It’s Time to Shift Your D2C Strategy.
- Essential brands to continue to maintain reduced ad spend.
- TikTok is seeing the best growth in time spent and engagement.
- At-home comfort & products continue to strengthen.
D2C is a distribution strategy that has played out quite well during the time of COVID. Especially for the Digitally Native Vertical Brand (DNVB), who are typically “mobile-first” and are able to bypass agency costs and target their consumers directly. This improves the bottom line and is increasingly possible through technology and data. Today, these brands have taken significant market share from many of the traditional players. And as 60%+ of traffic is being driven by Google and Facebook, D2C brands have more in common than traditional players because of their go-to-market strategy, customer acquisition, branding style, etc. have begun to look alike. However, COVID-19 is solidifying the rise of TikTok and the format is allowing brands to differentiate themselves and experiment with a fresh marketing approach, which has been realizing monstrous growth in engagement.
D2C brands are well-positioned to ride out COVID-19, and we have seen many positive outcomes from it. Organic traffic has been increasing, despite softening in media spend. Adding a trend where many marketers are pulling back spending, despite increased social media engagement, this has brought lower costs of acquisition (CAC) improving forecasts for DNVB and D2C eCommerce teams. Making digital more important than ever.
- On Facebook & Instagram, Cost per Mille (CPM) ad pricing fell as much as 50% in March.
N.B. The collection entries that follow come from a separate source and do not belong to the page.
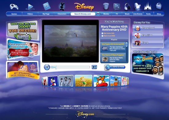 二、影片從未這麼四處的出現過:到迪士尼官網從到到尾都是flash做的,每一頁的選單和logo都是慢慢的跳出來,而且,頁面上的影片特別的多,所有的頁面幾乎都有影片,有的在左上角,有的在下方一個小框框……孩子就是不會讀長篇大論,故事書這麼多讀不完;讓一個孩子坐在電腦前這麼久,影音幫助很大。此外,據報導說迪士尼官網也會播放一些長片像《The Wonderful World of Disney and Camp Rock》很長,還有一些短片如《Kid’s Inaugural: We Are the Future》,接下來還有一些NG鏡頭像是《High School Musical 3: The Making of a Musical》將在一個星期後在網上上映。據另一份報導,它在這個寒假也已經推出三部新片的預告片,只有在線上看得到!難怪迪士尼除了取得兒童最大流量網站,同時也是兒童線上影音播放秒數最多的網站。
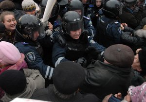 Сегодня, 13 декабря, пострадали два милиционера, которые преграждали путь сторонникам экс-премьера Юлии Тимошенко на территорию Апелляционного суда Киева.
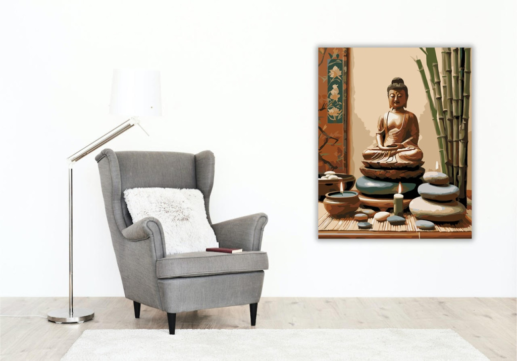 Buddha Szobor Gyertyákkal és Bambusszal - számfestő készlet – 80×100 cm (Keret nélkül)
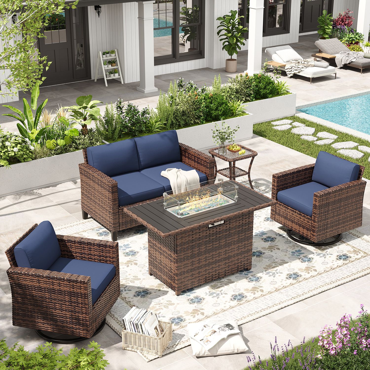ELPOSUN Patio Furniture 6 Pieces Wicker Outdoor Sectional Sofa Sets, Rattan Conversation Set with Fire Pit Table, Swivel Chairs for Backyard, Pool, Beige/Navy Blue/Grey��Include Waterproof Covers ��
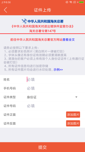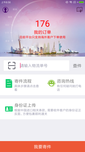 寄送国际快递时需要上传收件人的身份证正反面照片;
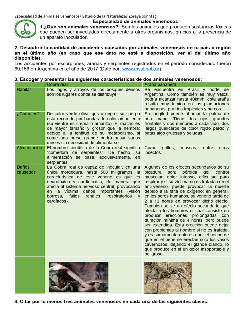 Especialidad de animales venenosos/ Estudio de la Naturaleza/ Zoraya Sonntag
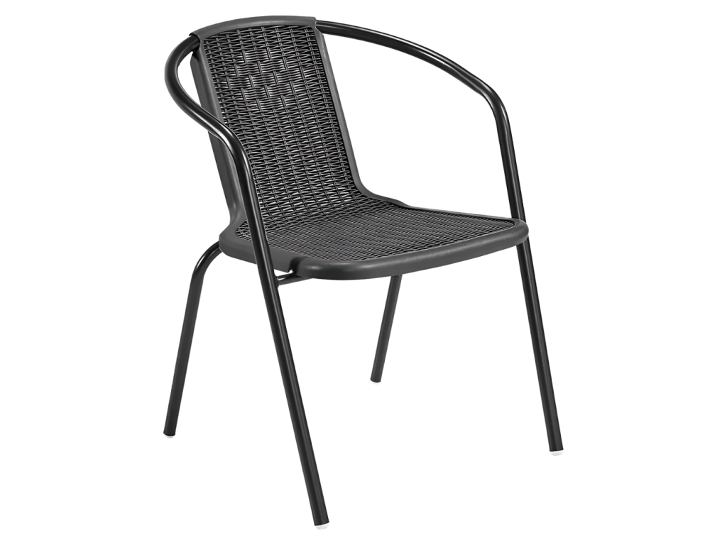 Záhradná stohovateľná stolička, čierna, oceľ/plast, FRENY
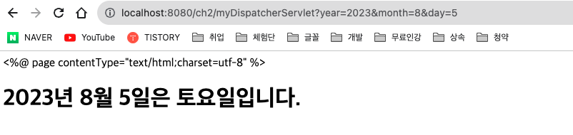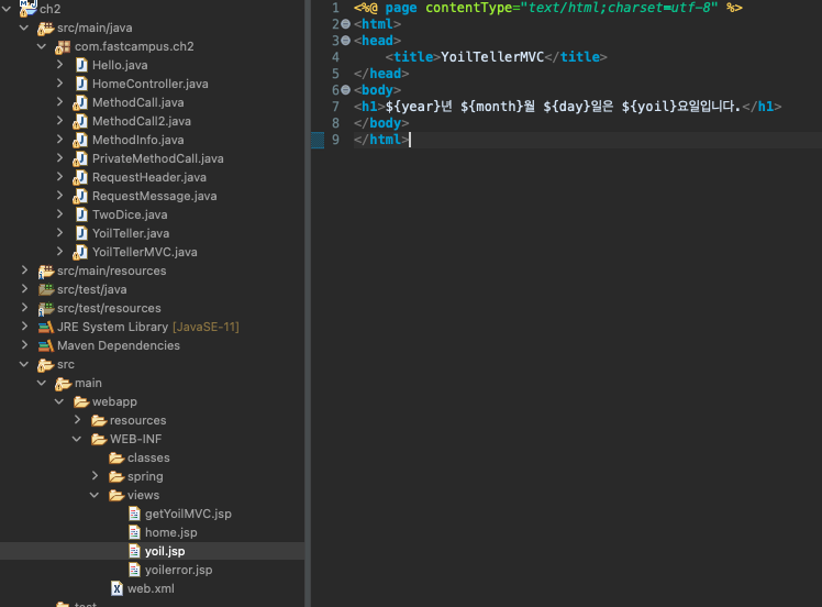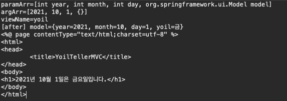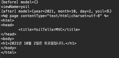 YoilTellerMVC.java 에서 반환하는 yoil.jsp 파일을 읽어온다
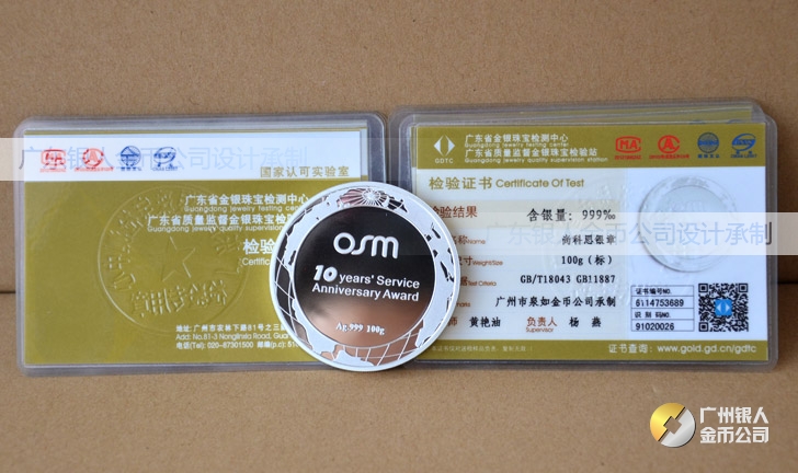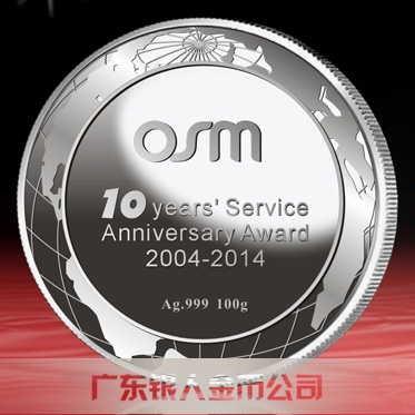 定制瑞典OSM Group-尚科思表彰在崗工作滿十周年服務(wù)獎純銀紀念章
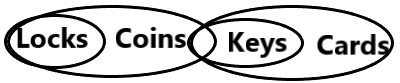 Conclusion I: Some locks are cards. (False, Keys are fully inside Cards, but there is no direct connection that guarantees that Locks are part of Cards. This conclusion does NOT necessarily follow.)

- Snapchat reported stronger-than-expected revenues in Q1 but said year-over-year growth in March was less than half of the rate in January and February.
Industries such as technology, telecom, at-home products, and consumer packaged goods (CPG) continued to spend to reach consumers whose daily activities shifted once they started spending more time at home. As such, the focus on at-home comfort has spiked. For example, to the left, we see clear growth in the Home Improvement & Referrals Conversion rate in April-2020.
What to Expect?
Expect CPMs to remain depressed through Q2 (and possibly later), subject to the pace of the US economic recovery. There will be significant volatility depending on industry vertical, targeting criteria, and other factors. These declines have continued in April. Expect May and June to normalize these levels; however, do not expect us to return to near-normal pre-COVID levels.
Expect a shift in brand messaging, with reduced performance-oriented advertising — until the US economy starts to reopen. Utilizing social listening, or data trends, marketers are seeing a clearer picture of the consumers’ state of mind. Among US ad buyers who are making short-term changes to ad spending, social ad budgets were expected to decline an average of 28% between March and June 2020.
Expect essential brands to continue to maintain reduced ad spend, as many essential websites saw a 2.5x increase in paid search clicks during the middle of March 2020. This led to groups such as Walmart & Instacart to significantly reduced their acquisition spend as their organic traffic surged — meaning they no longer need to pay for traffic to find new customers.
Expect a shift from where best to drive your web traffic from. TikTok is the clear winner, seeing the greatest increases in downloads and time spent on the app (which has nearly doubled). Companies have started utilizing TikTok sponsoring their own products. Elf Cosmetics has been doing an INCREDIBLE job on TikTok thus far. Chipotle, has been creating challenges for its customers to participate in & post, using popular internet memes at their retail locations, etc. , which have significantly increased their engagement. NBA embraces it by dedicating seven full-time employees to creating content for the platform, showing a lighter side of the organization. For example, they’ll often post videos of players working out dramatically to music, dancing on the court, or adventures of team mascots. All of this helps engage the customer in new, fresh, and creative ways.